*** GIVEN RECORDS ***

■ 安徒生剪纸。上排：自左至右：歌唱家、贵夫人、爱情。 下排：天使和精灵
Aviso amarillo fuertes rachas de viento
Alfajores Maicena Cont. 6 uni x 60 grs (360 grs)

*** End of GIVEN RECORDS ***
*** GIVEN RECORDS ***

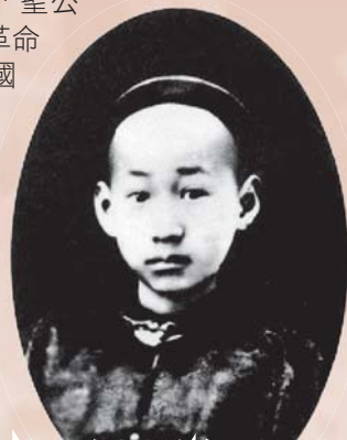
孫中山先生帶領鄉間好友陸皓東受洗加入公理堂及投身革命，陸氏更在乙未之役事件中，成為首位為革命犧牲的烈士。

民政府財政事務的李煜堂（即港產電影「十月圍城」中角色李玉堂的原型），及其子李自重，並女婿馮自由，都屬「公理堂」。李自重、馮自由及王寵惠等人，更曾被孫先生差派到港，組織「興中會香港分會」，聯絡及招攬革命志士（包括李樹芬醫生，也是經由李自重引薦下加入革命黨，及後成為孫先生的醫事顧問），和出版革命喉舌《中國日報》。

*** End of GIVEN RECORDS ***
*** GIVEN RECORDS ***

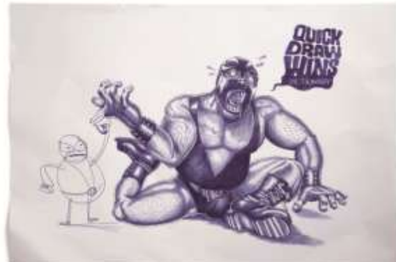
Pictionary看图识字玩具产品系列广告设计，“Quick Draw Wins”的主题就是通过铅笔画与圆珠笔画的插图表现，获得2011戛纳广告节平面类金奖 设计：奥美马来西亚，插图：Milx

*** End of GIVEN RECORDS ***

• _EXERCISE_
Your answer should be the exact lines above from the one with "孫中山先生帶領鄉間好友陸皓東" through the one with "民政府財政事務的李煜堂（即港", both included, and nothing besides.

• _REPLY_
孫中山先生帶領鄉間好友陸皓東受洗加入公理堂及投身革命，陸氏更在乙未之役事件中，成為首位為革命犧牲的烈士。

民政府財政事務的李煜堂（即港產電影「十月圍城」中角色李玉堂的原型），及其子李自重，並女婿馮自由，都屬「公理堂」。李自重、馮自由及王寵惠等人，更曾被孫先生差派到港，組織「興中會香港分會」，聯絡及招攬革命志士（包括李樹芬醫生，也是經由李自重引薦下加入革命黨，及後成為孫先生的醫事顧問），和出版革命喉舌《中國日報》。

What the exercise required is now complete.